**TO DO**
Without including any pictures, write out the data below exactly.

**DATA SHOWN**
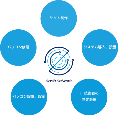 現在では、Webサイト制作事業、パソコン修理事業、パソコン設置設定事業、IT技術者の特定派遣事業、システム導入設置事業など、情報産業の中でさまざまな事業を行っています。
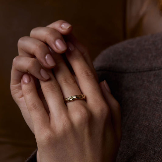 Inspired by wild landscapes, our Molten Collection transforms silver and gold into flowing, organic forms. Each piece ripples like wind-swept dunes, while undulating edges capture the movement of rolling hills, flowing like molten lava.
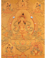The Thangka is meticulously hand-painted using pure 24K gold, enhancing its sacredness and magnificence. Each stroke of gold imbues the thangka with a divine luminosity, elevating the spiritual potency of Vajrasattva's presence. This use of gold not only honors the divine qualities of Vajrasattva but also serves as a powerful symbol of purity and transcendence.

**YOUR RESPONSE**
 現在では、Webサイト制作事業、パソコン修理事業、パソコン設置設定事業、IT技術者の特定派遣事業、システム導入設置事業など、情報産業の中でさまざまな事業を行っています。
 Inspired by wild landscapes, our Molten Collection transforms silver and gold into flowing, organic forms. Each piece ripples like wind-swept dunes, while undulating edges capture the movement of rolling hills, flowing like molten lava.
The Thangka is meticulously hand-painted using pure 24K gold, enhancing its sacredness and magnificence. Each stroke of gold imbues the thangka with a divine luminosity, elevating the spiritual potency of Vajrasattva's presence. This use of gold not only honors the divine qualities of Vajrasattva but also serves as a powerful symbol of purity and transcendence.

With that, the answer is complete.